As any historic military vehicle (HMV) collector knows, by the time the Stuart was in its M5 variant, it was equipped with rubber pad tracks instead of all metal. That is a good thing for today’s collector, if he or she plans to drive their tank on any roads!
When Dick purchased his tank, the tracks were in pretty rough shape. Upon inspection, however, he discovered only the outside of the track pads were worn badly. Fortunately, the pads are reversible.
So, Dick and a half dozen of his friends broke the tracks down into manageable sections (several hundred pounds each) and turned them over before reinstalling them. The newly exposed sides of the pads looked great.
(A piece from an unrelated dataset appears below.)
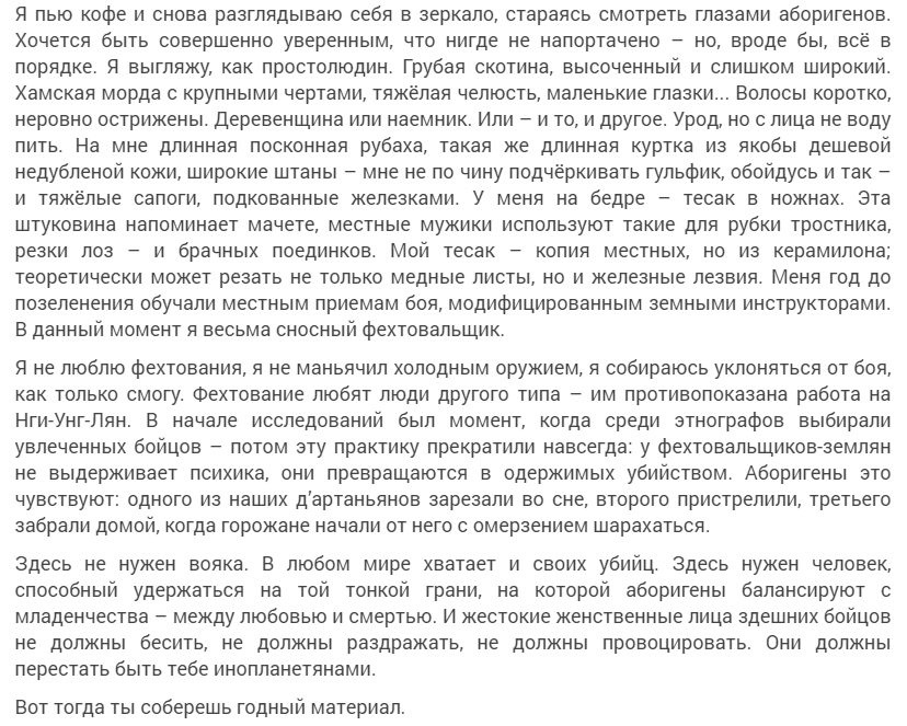 У меня сейчас четыре впроцессника. Два из них заморожены, а между «Дневниками» и «Принцем» я дрейфую по мере осознания этих историй и по мере слёзных молений читателей. Последний этап был — несколько глав «Принца», но увы, потерялась настройка на главного героя «Дневников», а значит, пришло время снова перечитать историю про землянина, который попал в «отсталое» общество, где «любовь», «честь», «совесть» — это не пустые слова!
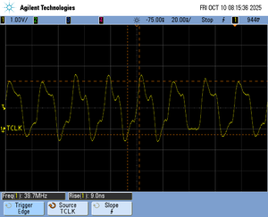 The following pictures show oscilloscope measurements of trace signals output by the "Tested Hardware" using the example project. All measurements have been performed using a Agilent InfiniiVision DSO7034B 350 MHz 2GSa/s oscilloscope and 1156A 1.5 GHz Active Probes. If your trace signals look similar on your trace hardware, chances are good that tracing will work out-of-the-box using the example project. More information about correct trace timing can be found at the following website.

Unfortunately, they were just as old as the first side and began to deteriorate immediately.
As luck would have it, while shopping around for replacement tracks for his half-tracks, Dick mentioned his predicament to Starpoint Extrusions, LLC, of Norton, Ohio. They were interested in making rubber pads for the Stuart, but they needed some original pads from which to take measurements for their mold making process. In an excellent example of serendipity, Dick just happened to have a pair of unused, original pads mounted on the outside of his tank. Soon they were on their way to Starpoint for measuring.
Meanwhile, Dick acquired a pair of M5 high speed tractor tracks. These are the same basic track as the Stuart tank tracks but with hundreds of metal cleats bolted to the track links instead of the molded rubber pads. Then began the tedious and physically demanding job undoing the hundreds of bolts holding the cleats to the links. Several special tools needed to be fabricated from angle iron, welded nuts, and bolts to help with the extraction of track pins from pads. It really helps to have some friends with varying experience to come up with innovative solutions to the many challenges presented in a project such as this!
The stripped-down links then had to have all corrosion sand blasted and chipped away. All surfaces had to be primed before being shipped off to Starpoint to have the rubber pads vulcanized to the metal components. With 66 pads in each track, it made a good pick-up truck load.
Once the rubber had been vulcanized to the core for each pad (the process is Starpoint’s secret), the final product was returned. Now it was time to begin the reassembly. That would be a real job even if your crew were young and athletic, let alone all retirement age! It helps to have a well-equipped shop and a large overhead lift. Then, of course, we needed to reassemble the track back on the tank. But that can be the subject of another article.